I attempted to create a scatterplot graph to display the amount of railroad employees by state, with each dot representing county. Plenty of states have counties that are more clustered, while some states have one or outlier counties, such as Illinois and New York. When you look into population density of the those states, you can see that the majority of the population lives in a particular area, while the rest of the state is relatively sparse.
---
title: "Challenge 2 Kristin Abijaoude"
author: "Kristin Abijaoude"
desription: "Data wrangling: using group() and summarise()"
date: "08/16/2022"
format:
html:
toc: true
code-fold: true
code-copy: true
code-tools: true
categories:
- challenge_2
- railroads
- kristin_abijaoude
---
```{r}
#| label: setup
#| warning: false
#| message: false
library(tidyverse)
library(dplyr)
knitr::opts_chunk$set(echo = TRUE, warning=FALSE, message=FALSE)
```
```{r}
railroads <- read_csv("_data/railroad_2012_clean_county.csv")
railroads
```
This dataset is county-level data from censuses across 2930 counties with at least one railroad employee.

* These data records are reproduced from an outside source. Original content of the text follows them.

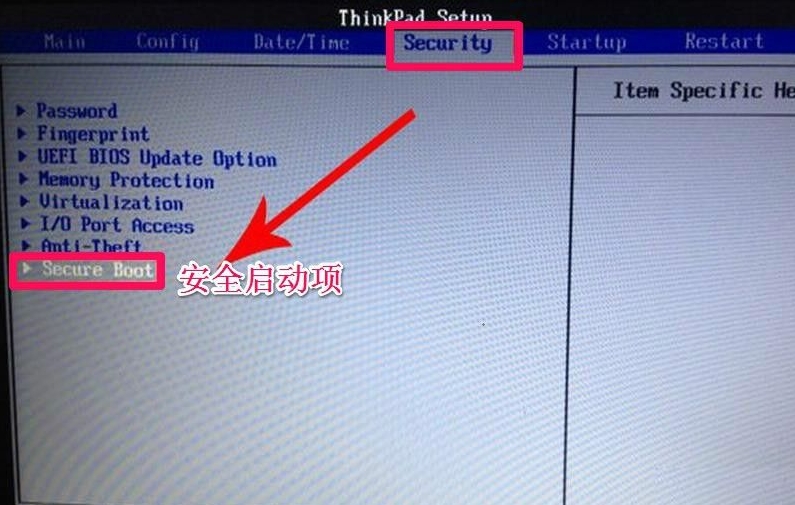 2. 进入BIOS系统后,前往“安全”查询“安全靴”,然后按 Enter 键访问分项目。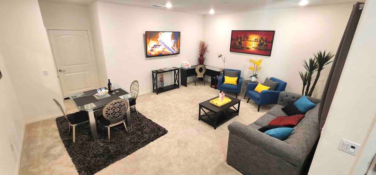 Comfy suite for So CA Travel RN/traveling, professional couple. Pet friendly up to 15 lbs. Central to 210/10/15/60 Freeways, and close enough to take call at over 10 large, local hospitals (ARMC, SBMC, Kaiser Fontana, San Antonio Regional, etc). Kitchenette with dishwasher and fridge, blackout curtains in a separate bedroom, smart TV in each room, small appliances galore, your own washer and dryer, high speed WiFi, close to local parks and Victoria Gardens Shopping Center, plus tons of hiking.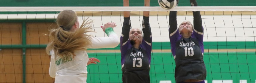 Photo: Swanton’s Anja Caklovic and Zara Wylie block a spike attempt by Delta’s Addison Wyse

Each row has information about the county name, the state that the county is in, and the total number of railroad employees in said county. The information is likely collected from the 2012 US Census.
```{r}
#| label: Summary
summary(railroads)
```
```{r}
#| label: Select ()
## Selecting county and total employees
select(railroads, `county`, `total_employees`)
```
```{r}
#| label: Mean ()
## Average # of employees in each state
railroads %>%
group_by(state) %>%
summarise(mean.employees = mean(total_employees, na.rm = TRUE))
```
```{r}
#| label: filter ()
## filtering counties with up to 100 railroad employees
filter(railroads,`total_employees` <= 100)
```
```{r}
#| label: the big stuff
summarize(railroads, mean.total_employees = mean(`total_employees`, na.rm = TRUE), median.total_employees = median(`total_employees`, na.rm = TRUE), min.total_employees = min(`total_employees`, na.rm = TRUE), max.total_employees = max(`total_employees`, na.rm = TRUE), sd.total_employees = sd(`total_employees`, na.rm = TRUE), var.total_employees = var(`total_employees`, na.rm = TRUE), IQR.total_employees = IQR(`total_employees`, na.rm = TRUE))
```
There are many more counties with a lower number of total railroad employees than those with a higher number of them, which partially explains the low numbers for median and mean, and why the mean is greater than the median. The standard deviation is very high which shows there were outliers with large values, such as Cook County, IL with 8207 railroad employees.
```{r}
#| label: Visualizing Population Density
library(ggplot2)
ggplot(railroads, aes(x=state, y=total_employees)) +
geom_point()
```
I attempted to create a scatterplot graph to display the amount of railroad employees by state, with each dot representing county. Plenty of states have counties that are more clustered, while some states have one or outlier counties, such as Illinois and New York. When you look into population density of the those states, you can see that the majority of the population lives in a particular area, while the rest of the state is relatively sparse.